Desde a passada terça-feira, dia 2 de janeiro, quem se desloca ao serviço dos CTT na Pampilhosa, no concelho da Mealhada, “esbarra” num aviso que sugere aos clientes que se desloquem à Papelaria N & G, onde os Correios começaram a funcionar a partir desta semana. Para os utilizadores basta apenas atravessarem para o outro lado da estrada e ainda têm a vantagem de puderem ser atendidos em horário mais alargado. Para a Delegação no Concelho da Mealhada da Cruz Vermelha Portuguesa há o lamento de não conseguirem continuar a prestar este serviço à população, pelos encargos financeiros que isso acarretava mensalmente.

DSC04355O serviço de CTT na Pampilhosa funcionou, durante quatro anos e meio, pelas “mãos” da Delegação da Cruz Vermelha Portuguesa, contudo, há cerca de um ano que era público a insustentabilidade do Posto. E isto porque, segundo Vítor Soares, presidente da Delegação na Mealhada da Cruz Vermelha, “a faturação ia diretamente para os Correios de Portugal, que dava um subsídio à Cruz Vermelha pela manutenção do serviço”.

Um subsídio que, para além, “de não suportar os custos que tínhamos com o vencimento de uma funcionária, não tinha em conta as despesas de água, luz, comunicações e seguros contra furto e incêndios”, explicou-nos Vítor Soares.

O presidente da Delegação na Mealhada da Cruz Vermelha refere ter suportado “os encargos até ao limite”, por saber que estava em causa “uma franja da população que necessitava deste serviços para, nomeadamente, levantamento dos vales de reforma”. “Prestámos um serviço social durante muito tempo e, desde março passado, que andávamos em conversações com os Correios de Portugal, mas nunca sentimos que havia disponibilidade para uma possível alternativa / solução e, para nós, em termos económicos era insustentável”, lamentou-nos Vítor Soares.

Fonte dos CTT, e segundo o dirigente da Cruz Vermelha, “a qualidade do serviço na Pampilhosa era reconhecida, bem como a faturação, onde estávamos sempre no lote dos dez primeiros, de todo o distrito, que conta com cerca de uma centena”.

“Mesmo tendo vontade de prosseguir com este serviço social, não podia, enquanto presidente, permitir que este prejuízo colocasse em causa o propósito de outros para os quais a Cruz Vermelha serve na sua essência”, disse ainda.

DSC04723Para os utilizadores dos CTT na Pampilhosa, a mudança quase não se nota, uma vez que o serviço mudou para «o outro lado da rua», mais precisamente para a Papelaria N & G, continuando, assim, na Rua Doutor Abel da Silva Lindo, no centro da Pampilhosa. De segunda a sexta-feira, o horário é das 9h às 13 horas e das 15h às 19 horas e, aos sábados e domingos, das 9h às 13 horas.

“Apercebi-me que os CTT iam encerrar e achei que era importante tanto para a Papelaria como para a população”, explicou a proprietária do estabelecimento, Fernanda Duarte, referindo que ganha “uma comissão por cada atendimento nos Correios, mediante o serviço pretendido”.
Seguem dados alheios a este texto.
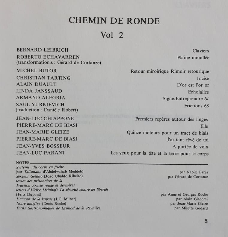 Revue de poésie qui comptera 5 numéros en 5 livraisons publiés entre 1977 et 1984. En 2010, Christian Tarting et Danièle Robert créeront la maison d'édition Chemin de ronde.
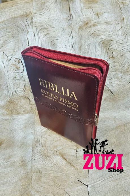 Biblija - eko kožni fleksibilni uvez s patentnim zatvaračem Dostupne boje: bijela, crvena, smeđa i crna Prilikom web-naručivanja u rubriku Napomena potrebno je navesti željenu boju. Nakladna kuća Verbum u suradnji s Vrhbosanskom nadbiskupijom i Hrvatskim biblijskim društvom objavila je novo hrvatsko izdanje Biblije. Ova jedinstvena Biblija praktičnoga formata i privlačnoga izgleda sadrži cjelokupni tekst Svetoga pisma u novom popravljenom i potpuno osuvremenjenom prijevodu nadbiskupa Ivana Ev. Šarića. Taj hrvatskih prijevod Biblije posljednjih je godina zbog svoje dorađenosti te jednostavnoga i razumljivoga stila vrlo tražen, o čemu svjedoči i činjenica da je u samo nekoliko godina objavljeno deset izdanja tiskanih u više desetaka tisuća primjeraka. Bogato opremljeni eko kožni uvezi opskrbljeni su zlatnim obrubom i indeksom i dostupni su u crnoj, smeđoj, crvenoj i bijeloj boji.Stranica: 230Dimenzije: 13x19Jezik: SPLITPismo: LatinicaStanje: Nova knjigaUvez: TvrdiGodina: 2016
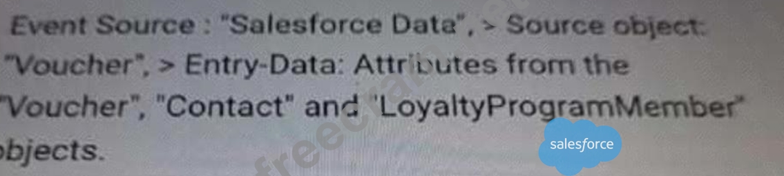 Option C is the most suitable choice because it specifies an entry event based on the "Voucher," "Contact," and "LoyaltyProgramMember" objects. This approach aligns with the requirements because it directly utilizes the "first name" from the Contact object and the "membership number" from the LoyaltyProgramMember object, which are necessary for personalizing the notification message.
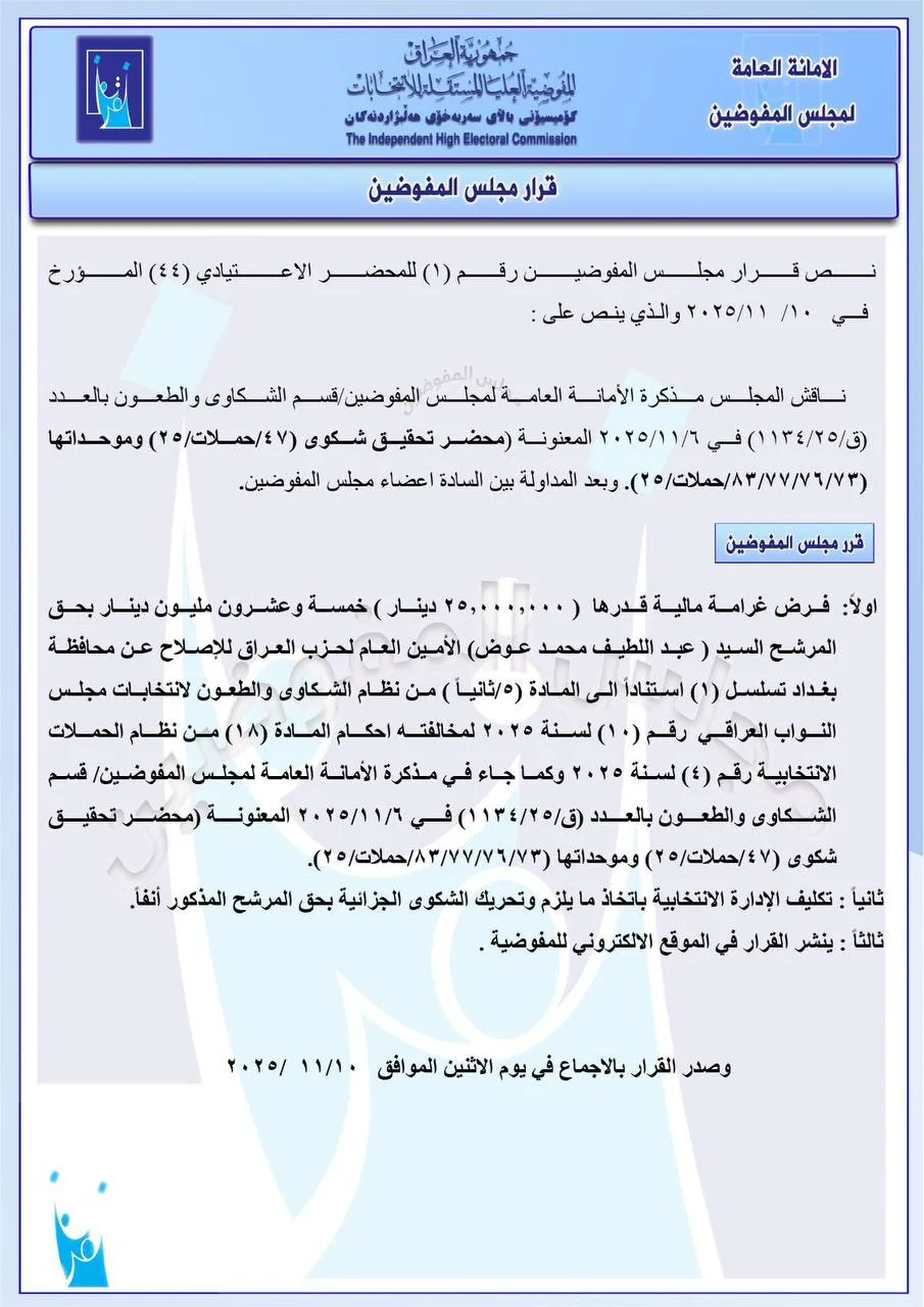 وجاء كذلك فرض غرامة مالية قدرها 25 مليون دينار بحق المرشح عبد اللطيف محمد عوض الأمين العام لحزب العراق للإصلاح عن محافظة بغداد.
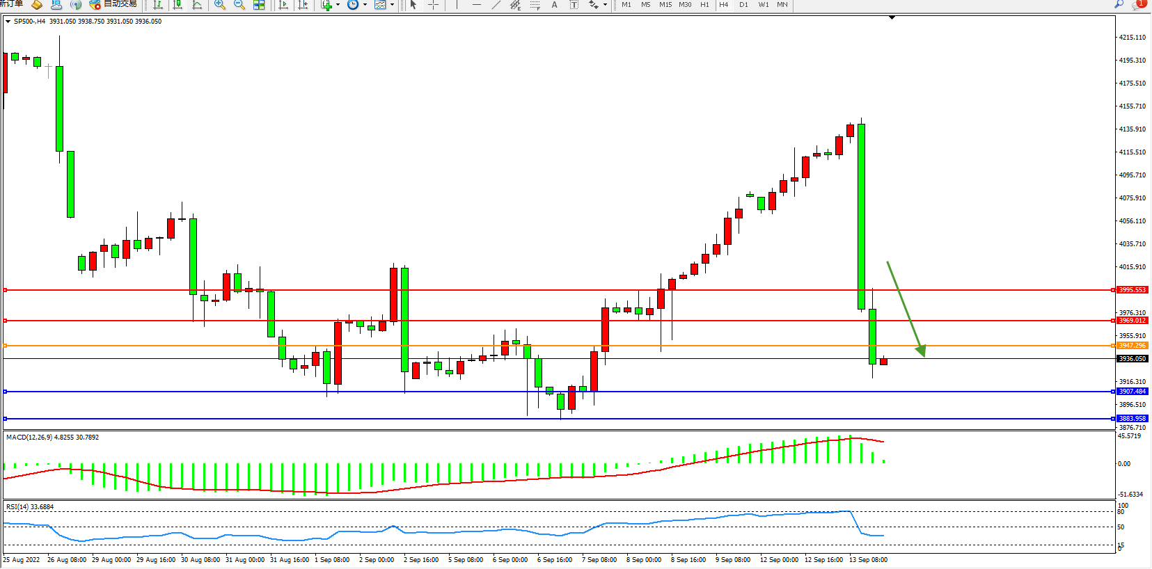标普500指数9月13日(周二)收盘下跌177.89点,跌幅4.33%,报3932.52点;美国通胀仍面临非常顽固的压力,这将导致市场对美联储的利率预期迎来改变。被视为美联储结束加息行动标志的4%的利率还不够高。

Aquando da deslocação do «Bairrada Informação», ao “novo” espaço, encontrámos Mário Santos, da Marmeleira, pertencente a Souselas, mas que, contudo, usufrui dos serviços de correios na Pampilhosa. “Vi que a porta dos CTT estava encerrada, perguntei a quem vi passar o que se passava e indicaram-me para aqui”, explicou-nos, concluindo que utiliza o serviço “para pagamento da água e levantamento do vale da reforma”.

“Reverta-se a privatização nos CTT”, diz Rui Marqueiro

O assunto foi também levado à última Assembleia Municipal da Mealhada por João Louceiro, deputado eleito pelo Partido Comunista Português, que questionou a Câmara “se podia fazer alguma coisa para reverter a situação?”.

Rui Marqueiro, presidente da Câmara, falou no geral dos serviços dos CTT, dizendo: “Reverta-se a privatização, porque um serviço, que dava lucro, está agora miserável”.

“Nunca os CTT pediram a opinião da autarquia, caso contrário, a Câmara até teria uma sugestão para lhes dar”, concluiu.